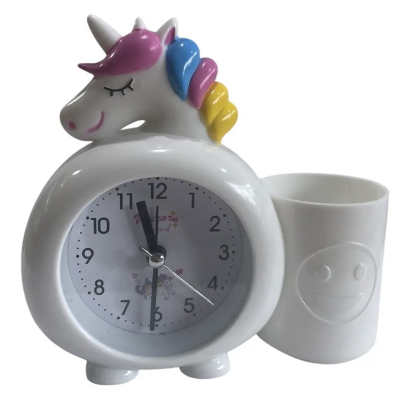 Яскравий будильник «Єдиноріг» моделі 7050 з функціональною підставкою для ручок. Ідеальний для дитячого столу: допомагає слідкувати за часом та зберігати канцелярію в одному місці.
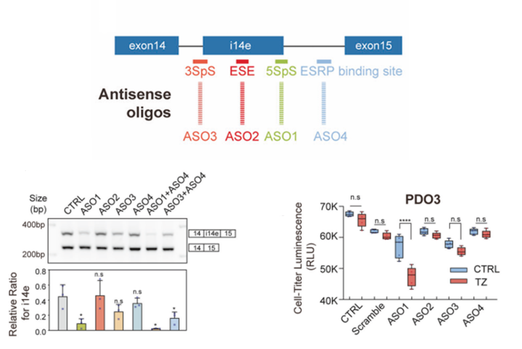 该研究还设计了靶向ERBB2 i14e不同剪接位点的反义寡核苷酸(ASO),靶向5’剪接位点的ASO1对ERBB2 i14e表达抑制效果最强。ASO联合曲妥珠单抗或其偶联药物T-DXd,在体外和体内模型中均能显著抑制肿瘤生长。表明ERBB2 i14e反义寡核苷酸与曲妥珠或曲妥珠-药物偶联物联合治疗,对表达ERBB2 i14e的癌症患者具有巨大的潜在益处。
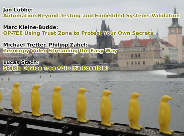 Tag 3 der Embedded Linux Conference Europe 2017 in Prag ist vorbei, wir haben alle unsere Vorträge erfolgreich hinter uns gebracht, neue Community-Kontakte geknüpft und alte erneuert. Hier ist mein Bericht.
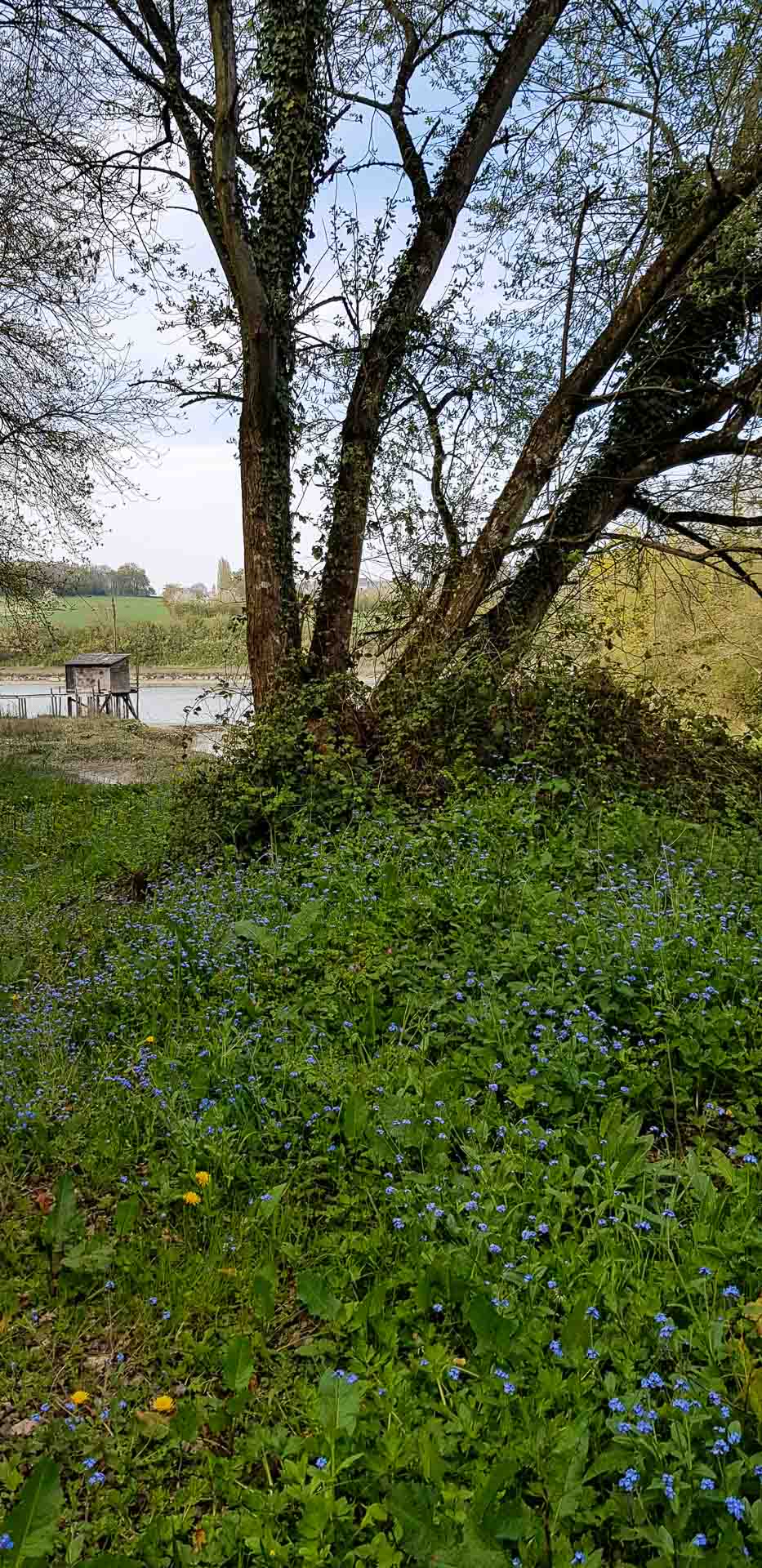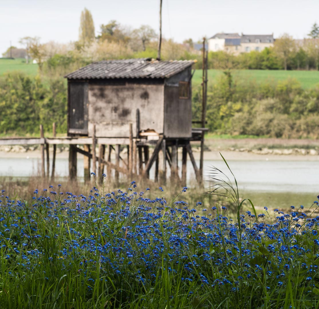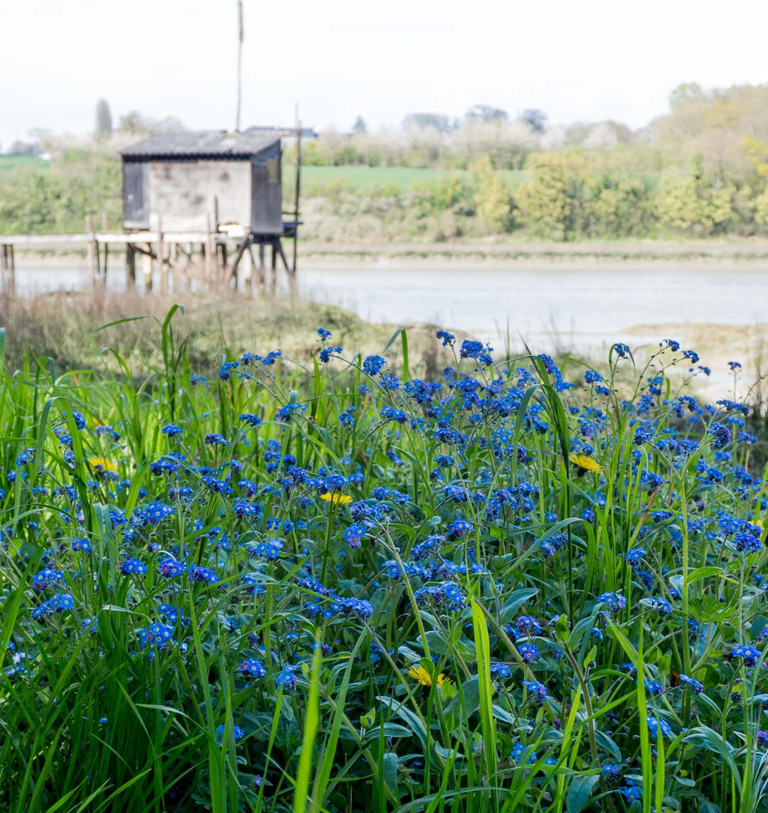 Nous sommes toujours en bord de Rance maritime, avec un chemin en sous-bois qui tout à coup laisse place à un tapis de myosotis avec au loin les cabanes. Certaines sont un peu mieux entretenues car elles font régulièrement l’objet de sorties pédagogiques pour les enfants du coin.
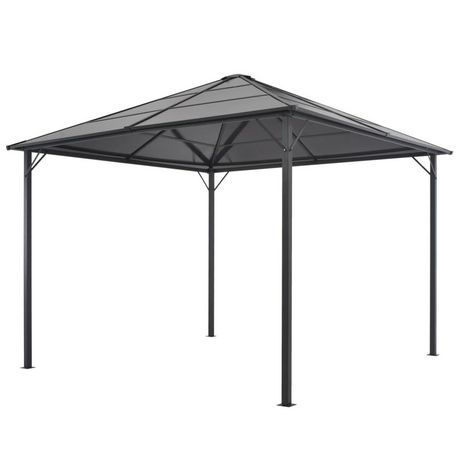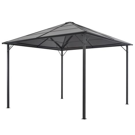 Le toit est constitue de panneaux de PC resistants aux UV de 6 mm d'epaisseur et vous protegera de la lumiere et des rayons UV nocifs du soleil. Le cadre robuste est solidement construit en aluminium et en acier resistants a la rouille. Des attaches a boucles et a crochets sont egalement incluses pour une fixation et un montage faciles de la tonnelle.
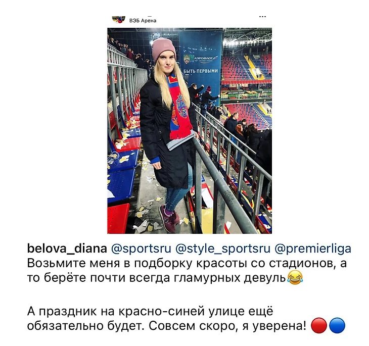 Несколько лет назад Sports в запрещенной соц. сети с картинками после каждого тура РПЛ выкладывал посты «Красота со стадионов», где собирал гламурных, иногда не особо одетых, девиц, преимущественно из вип-лож. Меня, простую болельщицу завернутую в пуховик и три слоя одежды, это немного коробило. Ведь я больше болельщица, чем эти дамы. Я даже писала пост-упрёк 😄 Просмотрели одну красотку!
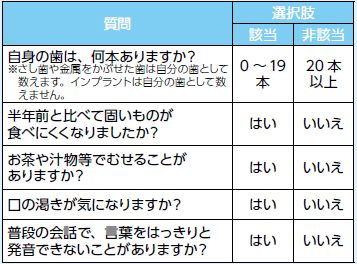 5項目のうち、「該当」が2つ以上ある場合はオーラルフレイルです。
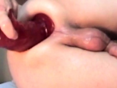 Round Ass Shemale Fucks Ass with a Big Dildo and Masturbates
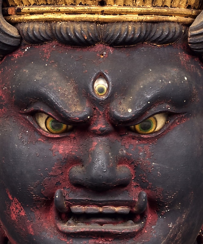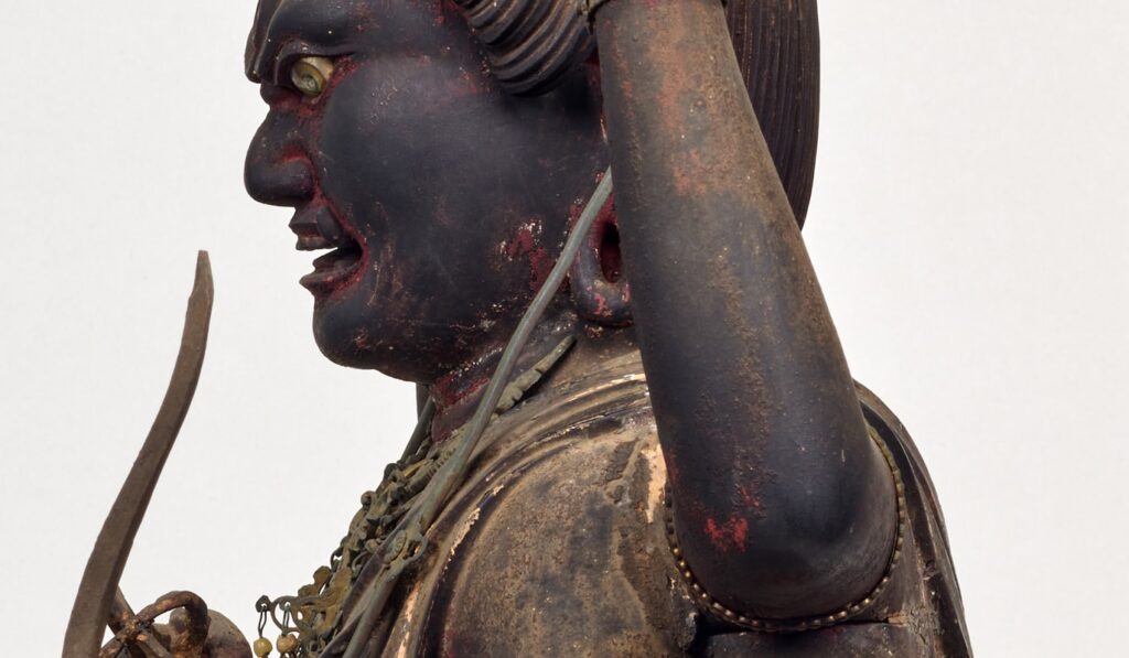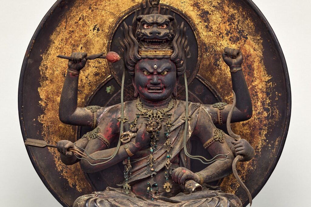 愛染明王は、愛欲や執着といった煩悩を悟りへと導く密教の尊格で、怒りの表情、獅子冠、額の第3の眼、6本の腕をもつ姿が特徴です。
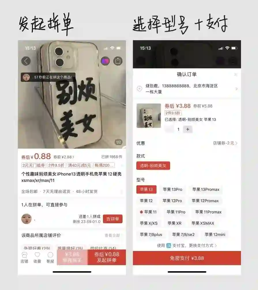 拼多多下单路径:点击拼单- 选择型号(弹窗)- 免密支付。一共3步,打开1个弹窗,没有打开新页面。
****************************************
**ACTIVITY:** All lines from the one containing "Le toit est" through the final line of the records are to be retyped exactly; no other lines and no pictures are to be included.

**ANSWER SECTION:**
 Le toit est constitue de panneaux de PC resistants aux UV de 6 mm d'epaisseur et vous protegera de la lumiere et des rayons UV nocifs du soleil. Le cadre robuste est solidement construit en aluminium et en acier resistants a la rouille. Des attaches a boucles et a crochets sont egalement incluses pour une fixation et un montage faciles de la tonnelle.
 Несколько лет назад Sports в запрещенной соц. сети с картинками после каждого тура РПЛ выкладывал посты «Красота со стадионов», где собирал гламурных, иногда не особо одетых, девиц, преимущественно из вип-лож. Меня, простую болельщицу завернутую в пуховик и три слоя одежды, это немного коробило. Ведь я больше болельщица, чем эти дамы. Я даже писала пост-упрёк 😄 Просмотрели одну красотку!
 5項目のうち、「該当」が2つ以上ある場合はオーラルフレイルです。
 Round Ass Shemale Fucks Ass with a Big Dildo and Masturbates
 愛染明王は、愛欲や執着といった煩悩を悟りへと導く密教の尊格で、怒りの表情、獅子冠、額の第3の眼、6本の腕をもつ姿が特徴です。
 拼多多下单路径:点击拼单- 选择型号(弹窗)- 免密支付。一共3步,打开1个弹窗,没有打开新页面。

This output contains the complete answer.